● **How to complete this task**: Entries below include pictures. Output exactly the lines from the one with "Wonosobo - Rumah" down to the one with "Pink, watercolor Floral, Rose", both ends included, and leave the pictures out.

(Data excerpts)

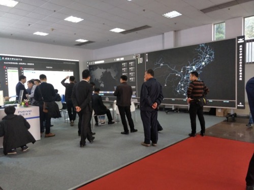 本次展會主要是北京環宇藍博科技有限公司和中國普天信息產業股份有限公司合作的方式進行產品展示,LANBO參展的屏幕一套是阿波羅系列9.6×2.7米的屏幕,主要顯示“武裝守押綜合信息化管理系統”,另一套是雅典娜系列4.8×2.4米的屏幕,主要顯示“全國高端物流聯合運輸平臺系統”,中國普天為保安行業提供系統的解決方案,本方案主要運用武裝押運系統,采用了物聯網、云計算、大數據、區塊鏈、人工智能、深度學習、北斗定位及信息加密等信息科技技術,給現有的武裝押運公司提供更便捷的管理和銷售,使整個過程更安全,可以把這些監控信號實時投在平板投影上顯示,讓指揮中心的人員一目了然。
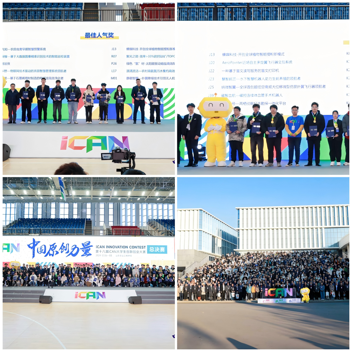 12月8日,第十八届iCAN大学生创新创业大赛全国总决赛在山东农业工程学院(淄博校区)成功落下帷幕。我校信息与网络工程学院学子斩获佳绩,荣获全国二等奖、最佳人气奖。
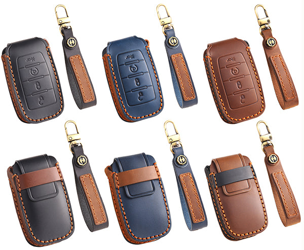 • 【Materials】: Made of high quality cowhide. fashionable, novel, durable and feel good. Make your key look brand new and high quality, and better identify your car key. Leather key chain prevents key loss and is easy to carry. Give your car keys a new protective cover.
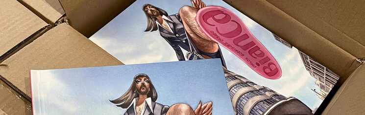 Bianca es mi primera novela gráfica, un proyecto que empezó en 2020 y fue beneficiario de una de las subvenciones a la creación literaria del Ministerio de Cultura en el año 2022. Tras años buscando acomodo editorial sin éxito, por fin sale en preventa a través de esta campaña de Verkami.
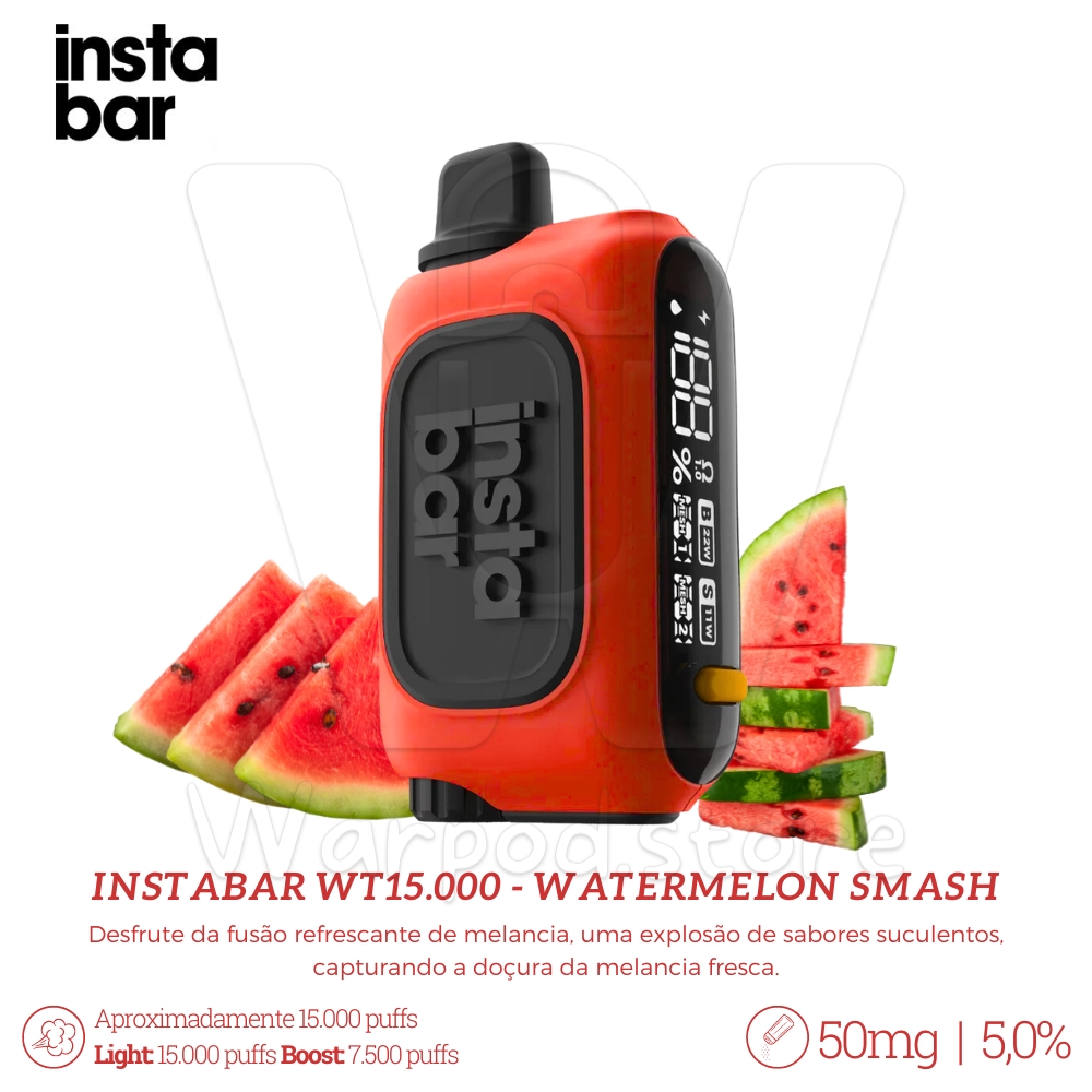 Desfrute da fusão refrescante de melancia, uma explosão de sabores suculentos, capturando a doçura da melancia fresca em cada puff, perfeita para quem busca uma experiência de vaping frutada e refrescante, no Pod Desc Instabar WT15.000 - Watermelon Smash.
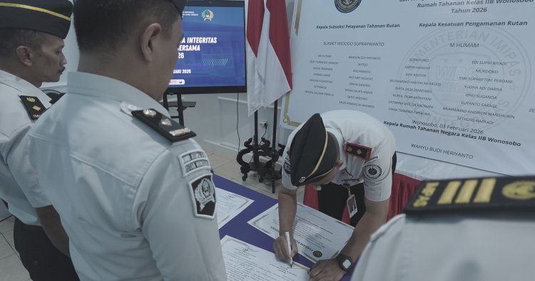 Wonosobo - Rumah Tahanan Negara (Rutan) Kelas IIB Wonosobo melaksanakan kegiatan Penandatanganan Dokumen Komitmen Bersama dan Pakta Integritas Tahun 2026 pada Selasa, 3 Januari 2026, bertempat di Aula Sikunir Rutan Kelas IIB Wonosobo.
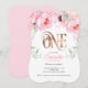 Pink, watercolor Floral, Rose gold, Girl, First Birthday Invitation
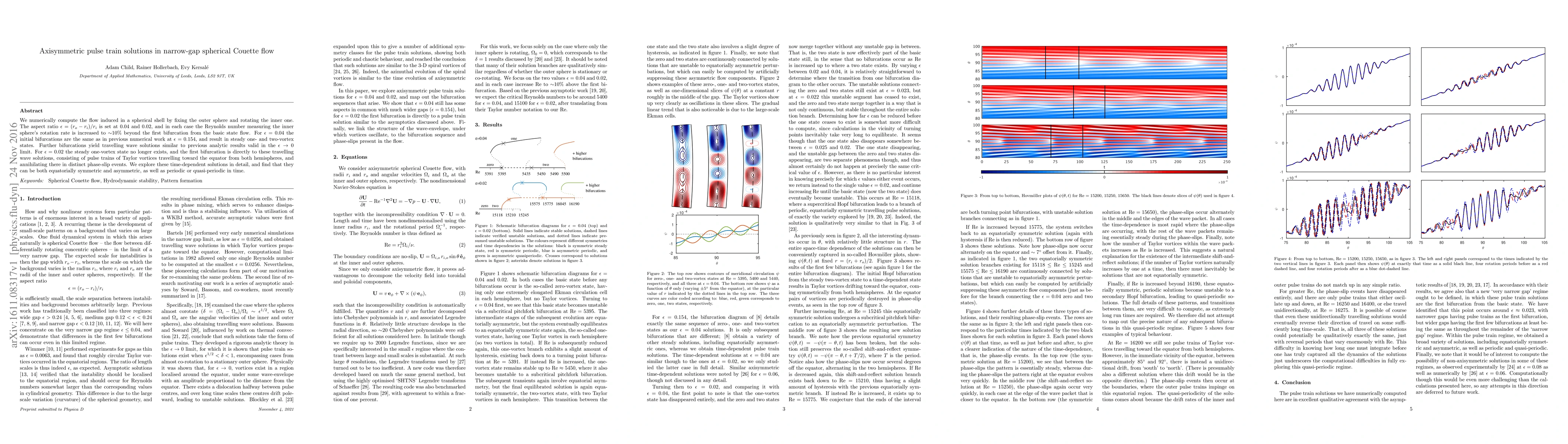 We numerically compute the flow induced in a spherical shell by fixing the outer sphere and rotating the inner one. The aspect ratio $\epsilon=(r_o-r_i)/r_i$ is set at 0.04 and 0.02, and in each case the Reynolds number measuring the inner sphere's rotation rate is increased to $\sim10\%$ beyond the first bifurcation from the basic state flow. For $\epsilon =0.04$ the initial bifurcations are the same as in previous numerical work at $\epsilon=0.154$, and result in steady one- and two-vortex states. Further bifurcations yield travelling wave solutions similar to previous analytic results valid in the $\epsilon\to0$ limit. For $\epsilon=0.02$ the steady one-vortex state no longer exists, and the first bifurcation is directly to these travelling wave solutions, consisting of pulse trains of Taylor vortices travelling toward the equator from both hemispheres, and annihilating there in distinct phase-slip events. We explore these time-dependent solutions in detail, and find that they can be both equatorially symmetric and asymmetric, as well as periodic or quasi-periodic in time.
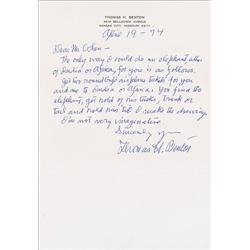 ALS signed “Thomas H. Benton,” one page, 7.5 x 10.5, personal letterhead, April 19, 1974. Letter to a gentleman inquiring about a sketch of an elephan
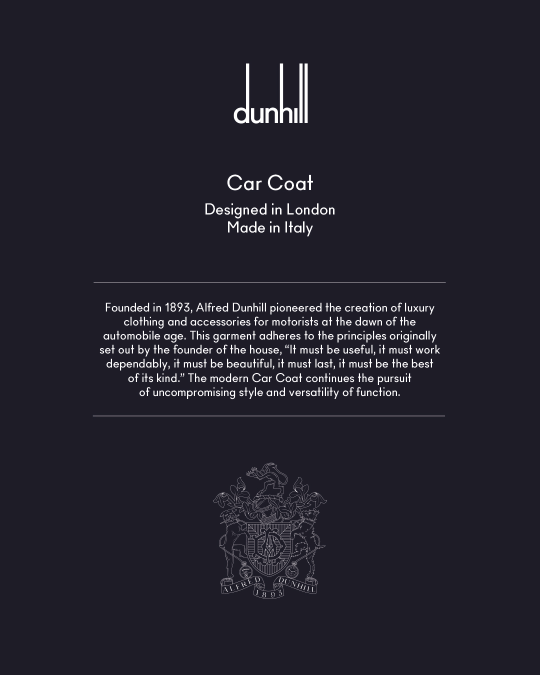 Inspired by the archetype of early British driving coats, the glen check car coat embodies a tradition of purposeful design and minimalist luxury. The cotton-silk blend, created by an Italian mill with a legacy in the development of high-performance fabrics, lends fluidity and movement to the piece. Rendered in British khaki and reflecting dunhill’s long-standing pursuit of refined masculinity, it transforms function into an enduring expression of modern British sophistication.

● **Response to the task**:
 Wonosobo - Rumah Tahanan Negara (Rutan) Kelas IIB Wonosobo melaksanakan kegiatan Penandatanganan Dokumen Komitmen Bersama dan Pakta Integritas Tahun 2026 pada Selasa, 3 Januari 2026, bertempat di Aula Sikunir Rutan Kelas IIB Wonosobo.
 Pink, watercolor Floral, Rose gold, Girl, First Birthday Invitation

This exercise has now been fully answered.